The following code does that for you:

func preprocessImage() -> UIImage{
var image = canvasView.drawing.image(from: canvasView.drawing.bounds, scale: 10.0)
if let newImage = UIImage(color: .black, size: CGSize(width: view.frame.width, height: view.frame.height)){
if let overlayedImage = newImage.image(byDrawingImage: image, inRect: CGRect(x: view.center.x, y: view.center.y, width: view.frame.width, height: view.frame.height)){
image = overlayedImage
}
}
}

The following helper extensions functions were used in the above code:

extension UIImage {
public convenience init?(color: UIColor, size: CGSize = CGSize(width: 1, height: 1)) {
let rect = CGRect(origin: .zero, size: size)
UIGraphicsBeginImageContextWithOptions(rect.size, false, 0.0)
color.setFill()
UIRectFill(rect)
let image = UIGraphicsGetImageFromCurrentImageContext()
UIGraphicsEndImageContext()
guard let cgImage = image?.cgImage else { return nil }
self.init(cgImage: cgImage)
}
func image(byDrawingImage image: UIImage, inRect rect: CGRect) -> UIImage! {
UIGraphicsBeginImageContext(size)
draw(in: CGRect(x: 0, y: 0, width: size.width, height: size.height))
image.draw(in: rect)
let result = UIGraphicsGetImageFromCurrentImageContext()
UIGraphicsEndImageContext()
return result
}
}
extension CGRect {
var center: CGPoint { return CGPoint(x: midX, y: midY) }
}

Prediction Using Core ML

Now that the image is input-ready, we need to do the following three things:

  1. Resize it to the input size 28 x 28.
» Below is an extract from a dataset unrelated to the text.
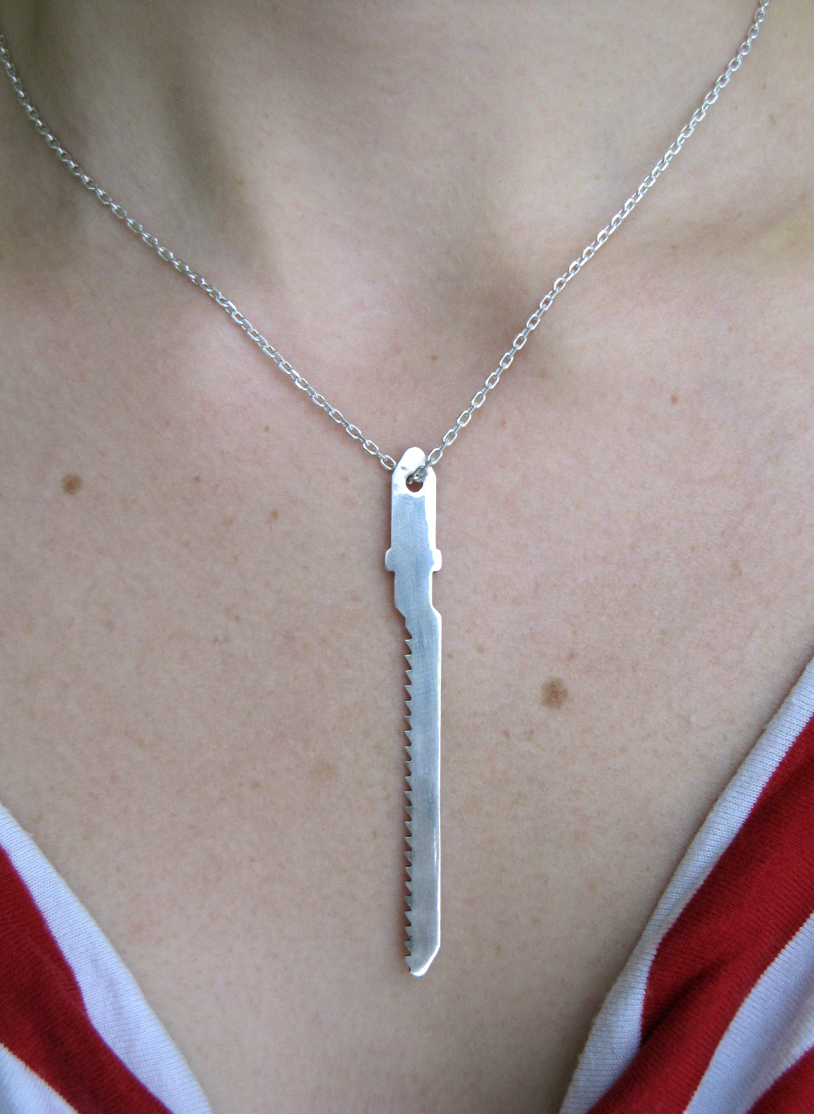 Pendentif en argent massif 73 x 8 x 1 mm, chaîne en argent de 60 cm

  2. Convert it into a CVPixelBuffer in the grayscale color space.

  3. Feed it to the Core ML Model.

private let trainedImageSize = CGSize(width: 28, height: 28)
func predictImage(image: UIImage){
if let resizedImage = image.resize(newSize: trainedImageSize), let pixelBuffer = resizedImage.toCVPixelBuffer(){
guard let result = try? MNIST().prediction(image: pixelBuffer) else {
return
}
navigationBar.topItem?.leftBarButtonItem?.title = "Predicted: \(result.classLabel)"
print("result is \(result.classLabel)")
}
}

The following extension functions were used for the above code:

extension UIImage{
func resize(newSize: CGSize) -> UIImage? {
UIGraphicsBeginImageContextWithOptions(newSize, false, 0.0)
self.draw(in: CGRect(x: 0, y: 0, width: newSize.width, height: newSize.height))
let newImage = UIGraphicsGetImageFromCurrentImageContext()
UIGraphicsEndImageContext()
return newImage
}
func toCVPixelBuffer() -> CVPixelBuffer? {
var pixelBuffer: CVPixelBuffer? = nil
let attr = [kCVPixelBufferCGImageCompatibilityKey: kCFBooleanTrue,
kCVPixelBufferCGBitmapContextCompatibilityKey: kCFBooleanTrue] as CFDictionary
let width = Int(self.size.width)
let height = Int(self.size.height)
CVPixelBufferCreate(kCFAllocatorDefault, width, height, kCVPixelFormatType_OneComponent8, attr, &pixelBuffer)
CVPixelBufferLockBaseAddress(pixelBuffer!, CVPixelBufferLockFlags(rawValue:0))
let colorspace = CGColorSpaceCreateDeviceGray()
let bitmapContext = CGContext(data: CVPixelBufferGetBaseAddress(pixelBuffer!), width: width, height: height, bitsPerComponent: 8, bytesPerRow: CVPixelBufferGetBytesPerRow(pixelBuffer!), space: colorspace, bitmapInfo: 0)!
guard let cg = self.cgImage else {
return nil
}
bitmapContext.draw(cg, in: CGRect(x: 0, y: 0, width: width, height: height))
return pixelBuffer
}
}

Conclusion

So we managed to use CoreML and PencilKit framework together to determine the sketches drawn using the MNIST dataset. Machine learning on the device has plenty of use cases and inferring the drawings is just one of them. You can find the full source code in the Github Repository.